After locating the line that holds "Κατοικία των Ρομά", copy that line and all that follow it word for word through the end of the data, with no pictures.

++++++

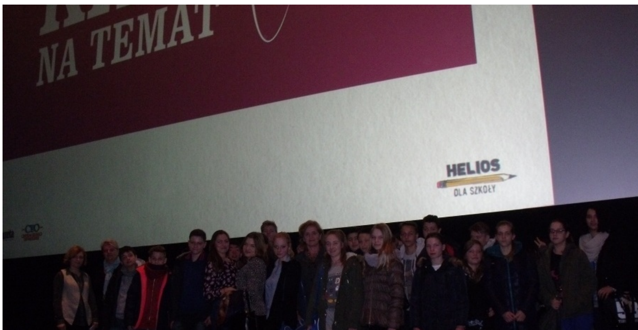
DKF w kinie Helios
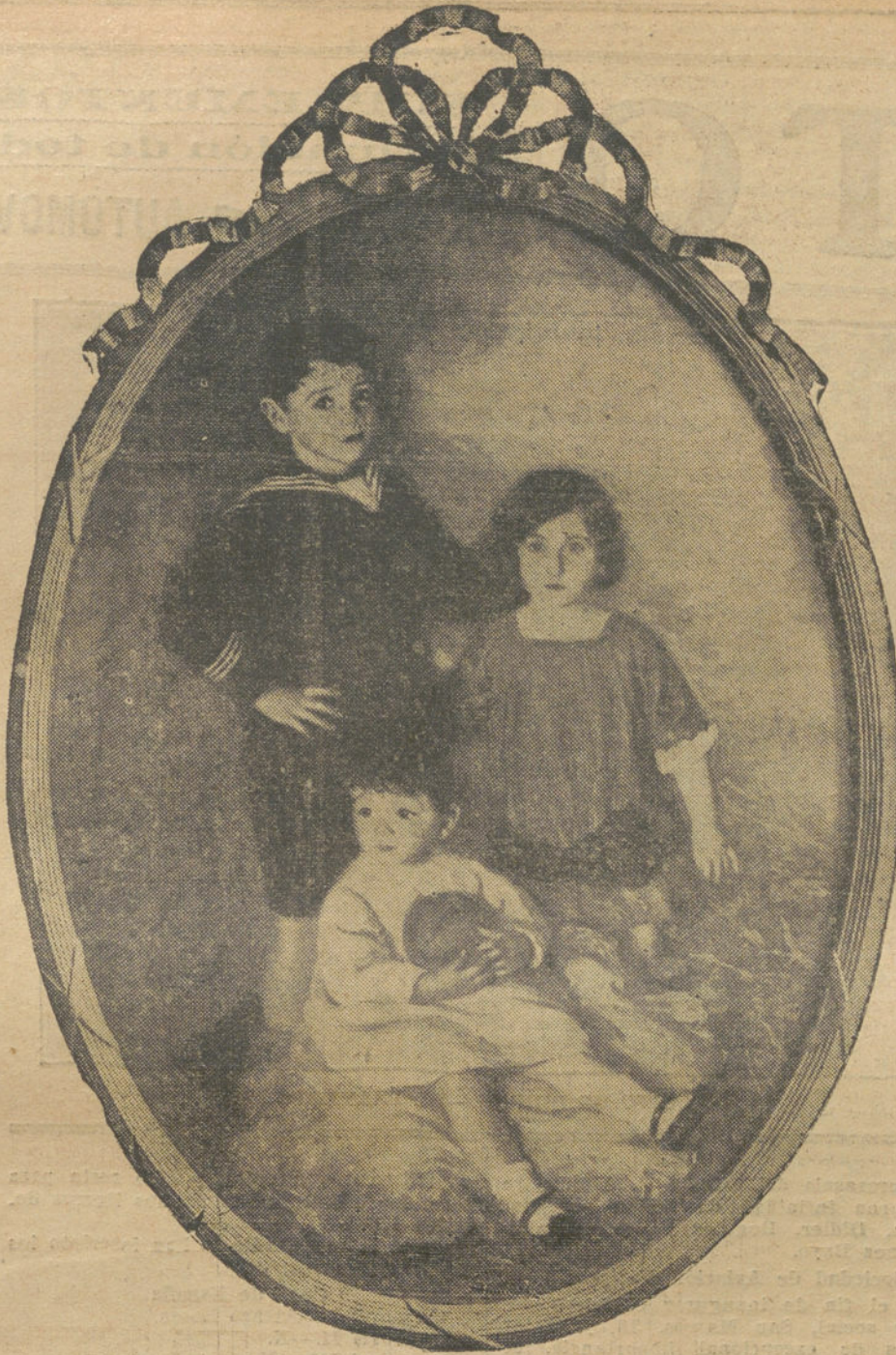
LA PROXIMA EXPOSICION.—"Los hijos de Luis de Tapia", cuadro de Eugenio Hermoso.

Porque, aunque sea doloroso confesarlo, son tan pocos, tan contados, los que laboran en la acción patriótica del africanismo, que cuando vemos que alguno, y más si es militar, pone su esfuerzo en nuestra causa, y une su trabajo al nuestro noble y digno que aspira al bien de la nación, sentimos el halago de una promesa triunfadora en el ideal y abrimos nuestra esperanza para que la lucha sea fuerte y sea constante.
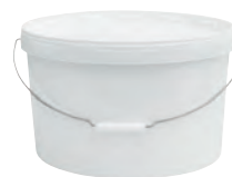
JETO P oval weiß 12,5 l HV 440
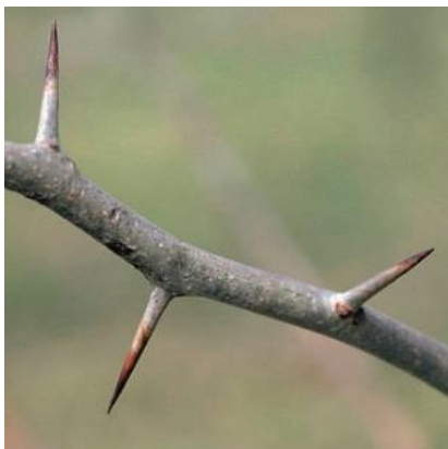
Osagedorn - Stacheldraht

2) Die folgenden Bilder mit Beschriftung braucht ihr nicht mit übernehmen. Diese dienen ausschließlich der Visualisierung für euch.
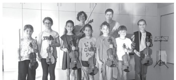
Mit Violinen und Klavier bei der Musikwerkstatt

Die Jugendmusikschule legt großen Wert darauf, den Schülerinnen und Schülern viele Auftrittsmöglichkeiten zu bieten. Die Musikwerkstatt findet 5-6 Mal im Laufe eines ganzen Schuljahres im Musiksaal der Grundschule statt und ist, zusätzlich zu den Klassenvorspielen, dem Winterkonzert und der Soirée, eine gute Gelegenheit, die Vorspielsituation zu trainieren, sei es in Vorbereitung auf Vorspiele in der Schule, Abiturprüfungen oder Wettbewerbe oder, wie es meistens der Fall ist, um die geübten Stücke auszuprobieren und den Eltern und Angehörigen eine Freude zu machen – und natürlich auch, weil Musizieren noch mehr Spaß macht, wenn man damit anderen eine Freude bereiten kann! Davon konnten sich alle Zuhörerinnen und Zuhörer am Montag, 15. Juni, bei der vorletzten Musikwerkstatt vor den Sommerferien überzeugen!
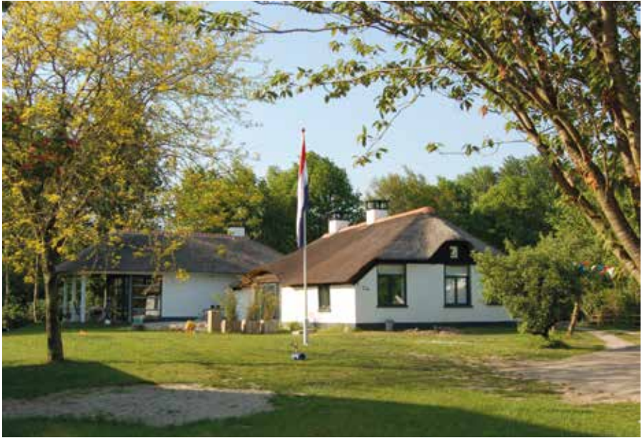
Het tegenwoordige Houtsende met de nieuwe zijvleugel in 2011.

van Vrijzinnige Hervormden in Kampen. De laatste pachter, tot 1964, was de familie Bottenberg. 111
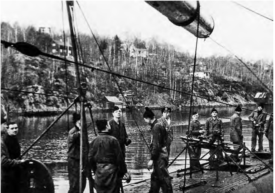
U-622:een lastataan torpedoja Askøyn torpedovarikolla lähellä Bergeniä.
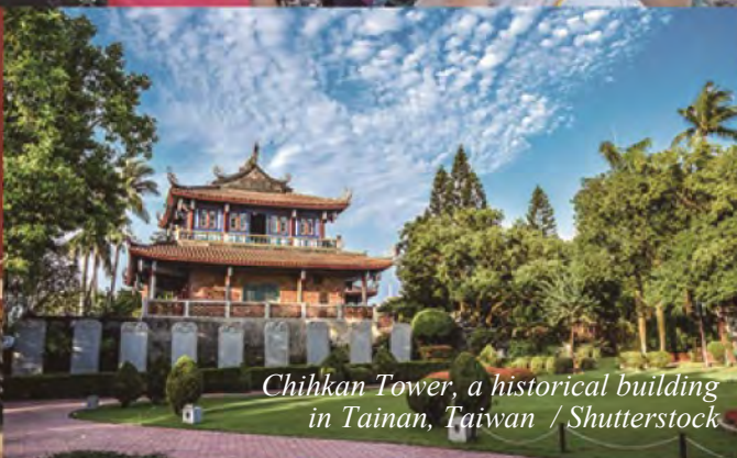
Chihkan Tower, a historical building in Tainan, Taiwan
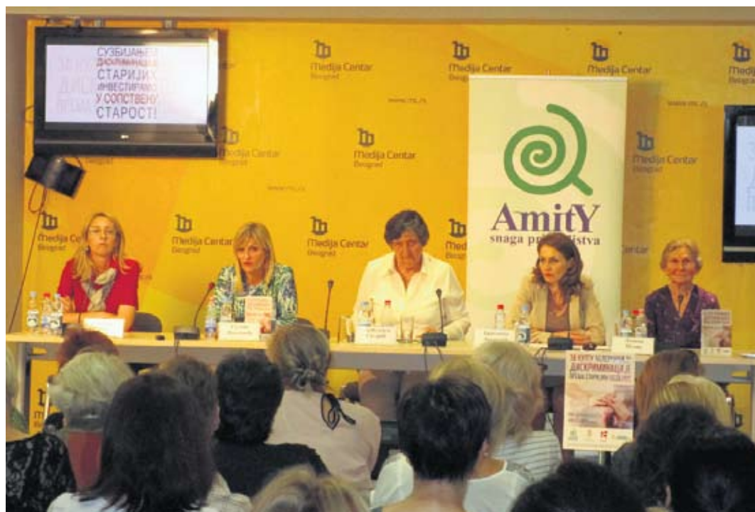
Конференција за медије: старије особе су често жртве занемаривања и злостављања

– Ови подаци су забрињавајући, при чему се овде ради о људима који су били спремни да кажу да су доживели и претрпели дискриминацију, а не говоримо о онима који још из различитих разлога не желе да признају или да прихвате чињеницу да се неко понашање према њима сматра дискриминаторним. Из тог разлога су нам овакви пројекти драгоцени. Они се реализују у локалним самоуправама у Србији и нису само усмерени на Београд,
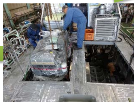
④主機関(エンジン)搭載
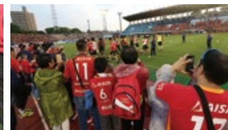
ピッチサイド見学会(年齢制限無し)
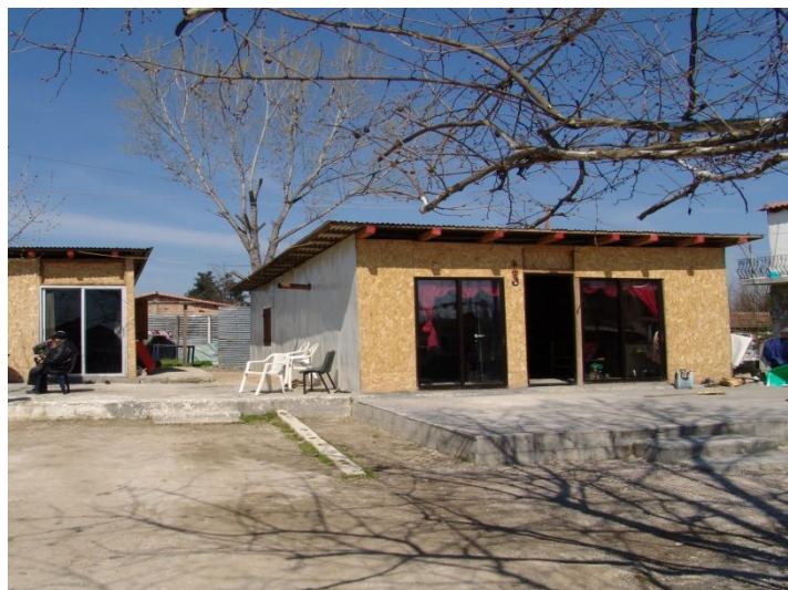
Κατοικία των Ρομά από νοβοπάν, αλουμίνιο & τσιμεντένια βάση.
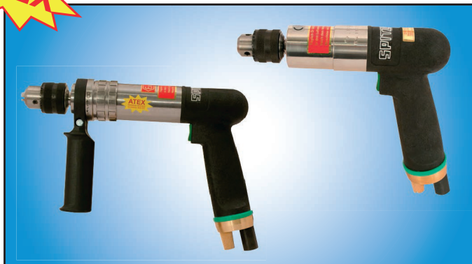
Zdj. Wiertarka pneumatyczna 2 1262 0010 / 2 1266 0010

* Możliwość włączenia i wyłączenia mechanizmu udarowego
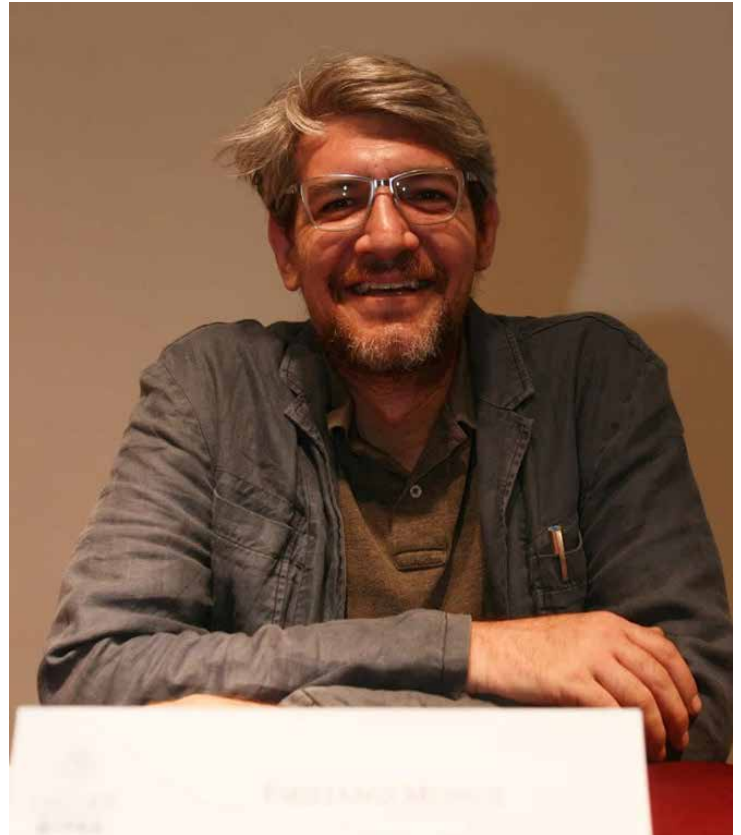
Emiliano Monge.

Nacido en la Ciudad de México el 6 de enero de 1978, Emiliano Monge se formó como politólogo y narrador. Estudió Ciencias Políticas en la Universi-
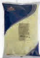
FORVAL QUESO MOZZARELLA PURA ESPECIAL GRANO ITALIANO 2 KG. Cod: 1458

++++++

Answer box
Κατοικία των Ρομά από νοβοπάν, αλουμίνιο & τσιμεντένια βάση.
Zdj. Wiertarka pneumatyczna 2 1262 0010 / 2 1266 0010

* Możliwość włączenia i wyłączenia mechanizmu udarowego
Emiliano Monge.

Nacido en la Ciudad de México el 6 de enero de 1978, Emiliano Monge se formó como politólogo y narrador. Estudió Ciencias Políticas en la Universi-
FORVAL QUESO MOZZARELLA PURA ESPECIAL GRANO ITALIANO 2 KG. Cod: 1458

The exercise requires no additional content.